Nagler et al. (6) reported a 66-year-old man hospitalized because of symptomatic bradycardia and progressive muscle weakness. The patient reported unusual metastatic lung cancer (adenocarcinoma). The laboratory analyses indicated pH = 7.2, increased creatinine level (127 µmol/L), and serum urea (21.4 mmol/L) observed for the first time. There was no obvious reason for hyperkalemia. A low-dose ACTH stimulation test indicated the inadequate cortisol response (184 nmol/L). The low level of aldosterone (0.1 nmol/L) and the high activity of plasma rennin (33.7 mU/L) approved the primary assumption of hypoaldosteronism. Therefore, adrenal metastasis indicated by tomography scan revealed the adrenal failure (6).

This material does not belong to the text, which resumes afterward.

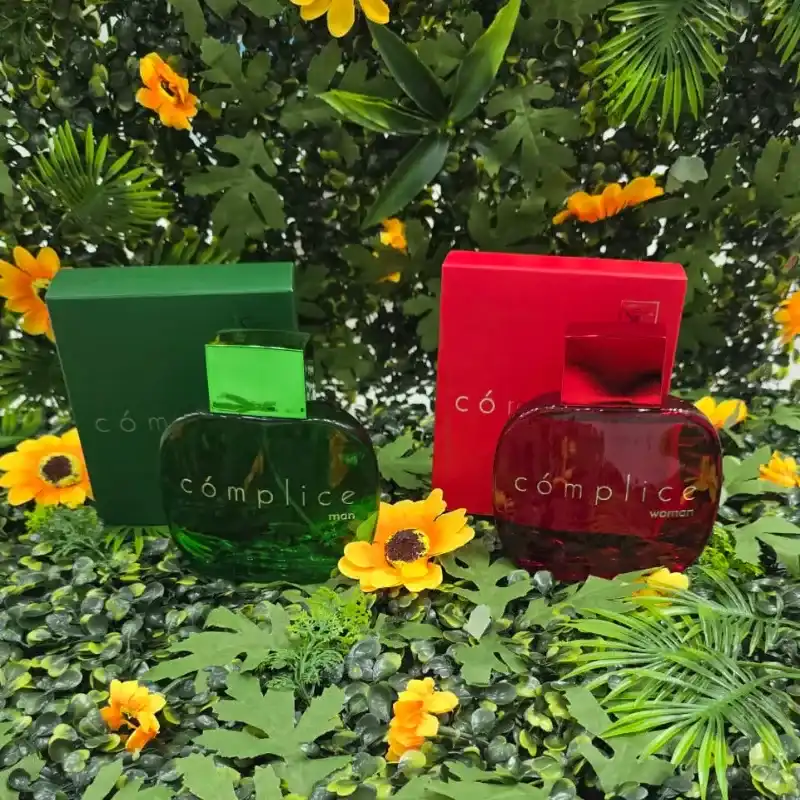 Cómplice for Man (Verde): Es una fragancia para hombres con notas cítricas y frescas, con toques de madera, cuero y pimienta. Se describe como un aroma seductor. Cómplice for Woman (Rojo): Es una fragancia intensamente femenina, con un diseño para resaltar el espíritu sensual.

Concerning the clinical importance of adrenal failure and the existence of effective treatments, this case report was proposed to emphasize the necessity of paying more attention to the clinical and laboratory symptoms indicating adrenal failure accompanied by kidney failure and hyperkalemia. Disproportionate hyperkalemia to uremia that was treatment-resistant was a useful indicator for diagnosis in this patient with CKD. Therefore, the careful investigation of clinical and laboratory symptoms can improve the attitudes towards diagnosis.